A request trying to read data from a tablet at a particular hybrid time needs to make sure that no changes happen in the tablet with timestamps lower than the read timestamp, which could lead to an inconsistent result set. The need to read from a tablet at a particular timestamp arises during transactional reads across multiple tablets. This condition becomes easier to satisfy due to the fact that the read timestamp is chosen as the current hybrid time on the YB-TServer processing the read request, so hybrid time on the leader of the tablet we're reading from immediately gets updated to a value that is at least as high as than the read timestamp.

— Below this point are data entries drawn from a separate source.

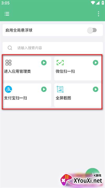- 初次打开APP,你会看到微信扫一扫、支付宝扫一扫、全屏截图等预设指令,一目了然。
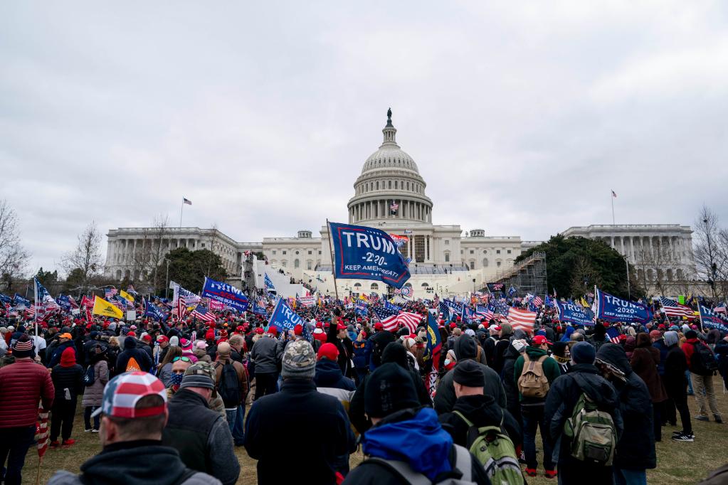 2021年1月6日,在美國首都華盛頓的國會(huì )大廈前,時(shí)任美國總統特朗普的支持者舉行示威游行。新華社記者 劉杰 攝
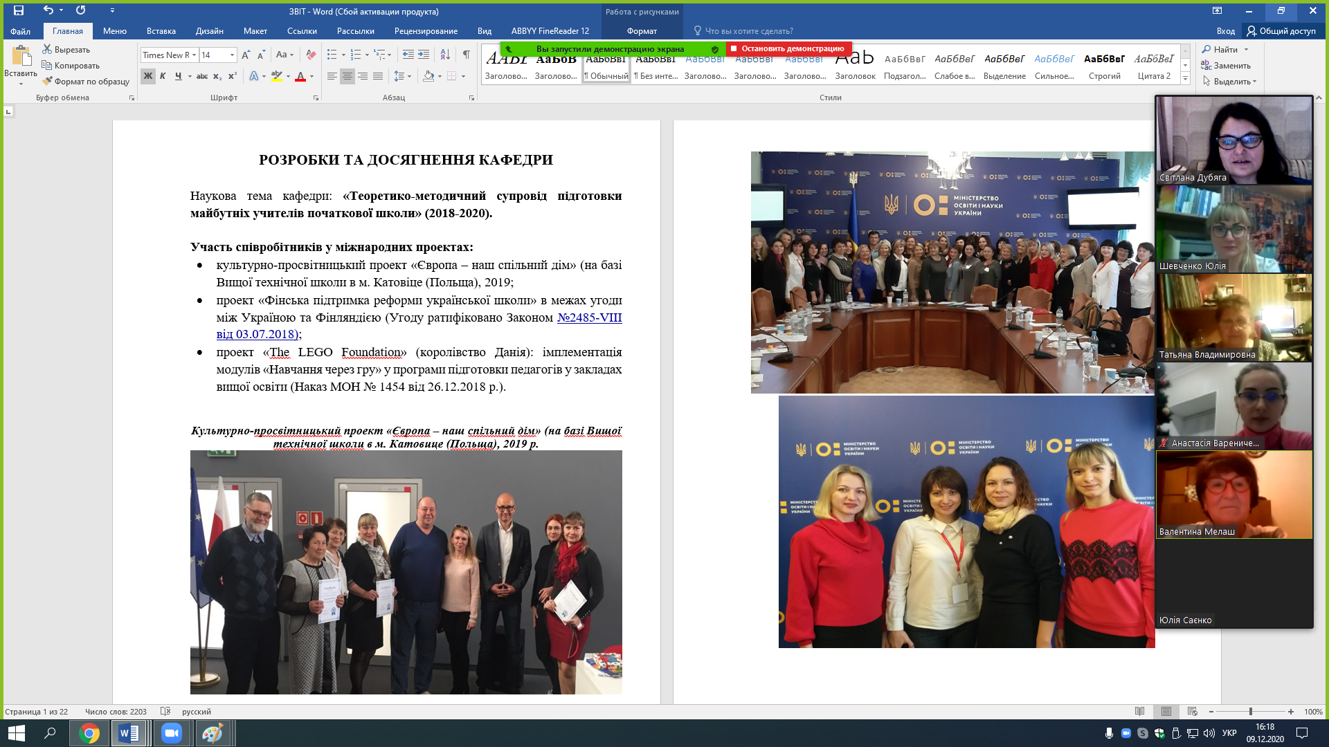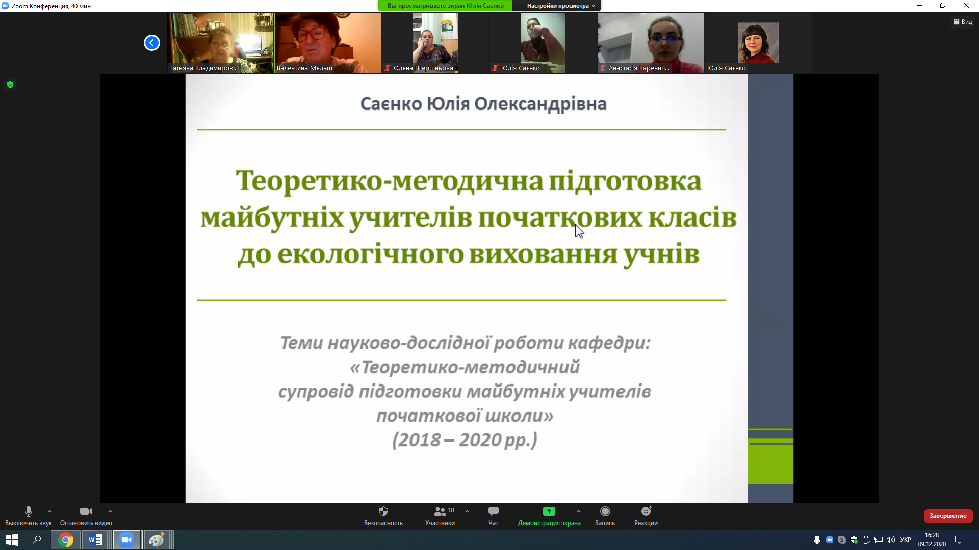 09 грудня 2020 року кафедрою початкової освіти проведено звітну конференцію за темою науково-дослідної роботи «Теоретико-методичний супровід підготовки майбутніх учителів початкової школи» (2018 – 2020 рр.).

Then the read request only has to wait for any relevant entries in the Raft queue with timestamps lower than the read timestamp to get replicated and applied to RocksDB, and it can proceed with processing the read request after that.
Supported isolation levels
YugabyteDB supports two transaction isolation levels -
SNAPSHOT (which is mapped to the SQL isolation level
REPEATABLE READ) and
SERIALIZABLE (which maps to the SQL isolation level of the same name). Read more about isolation levels in YugabyteDB .
Just as with PostgreSQL, YugabyteDB provides various lock modes to control concurrent access to data in tables. These modes can be used for application-controlled locking in situations where MVCC does not give the desired behavior. Read more about explicit locking in YugabyteDB .
NoteThe architecture section covers the set of explicit locking modes currently supported by YugabyteDB. The plan is to cover most of the locking modes supported by PostgreSQL over time.
Transactions execution path
End user statements map to one of the following types of transactions inside YugabyteDB. The mapping of the user statements to transaction types is done seamlessly, the user does not need to be aware of the different types of transactions.
The transaction manager of YugabyteDB automatically detects transactions that update a single row (as opposed to transactions that update rows across tablets or nodes). In order to achieve high performance, the updates to a single row directly update the row without having to interact with the transaction status tablet using the single row transaction path, also called the fast path. Read more about the single row transactions IO path .
NoteBecause single row transactions do not have to update the transaction status table, they are much higher in performance than distributed transactions discussed in the next section.
Below is list of single-row SQL statements that map to single row transactions.
INSERT INTO table (columns) VALUES (values);
UPDATE statements that specify all the primary keys**
UPDATE table SET column = <new value> WHERE <all primary key values are specified>;
Single-row upsert statements using
ON CONFLICT. Note that the updates performed in case the row exists should match the set of values that were specified in the insert clause.
INSERT INTO table (columns) VALUES (values) ON CONFLICT DO UPDATE SET <values>;
DELETE statements that specify all the primary keys
DELETE FROM table WHERE <all primary key values are specified>;
A transaction that impacts a set of rows distributed across multiple tablets (which would be hosted on different nodes in the most general case) use the distributed transactions path to execute transactions. Implementing distributed transactions in YugabyteDB requires the use of a transaction manager that can coordinate the various operations that are a part of the transaction and finally commit or abort the transaction as needed. Read more about the distributed transactions IO path .
NoteYugabyteDB's distributed ACID transaction architecture is inspired by Google Spanner.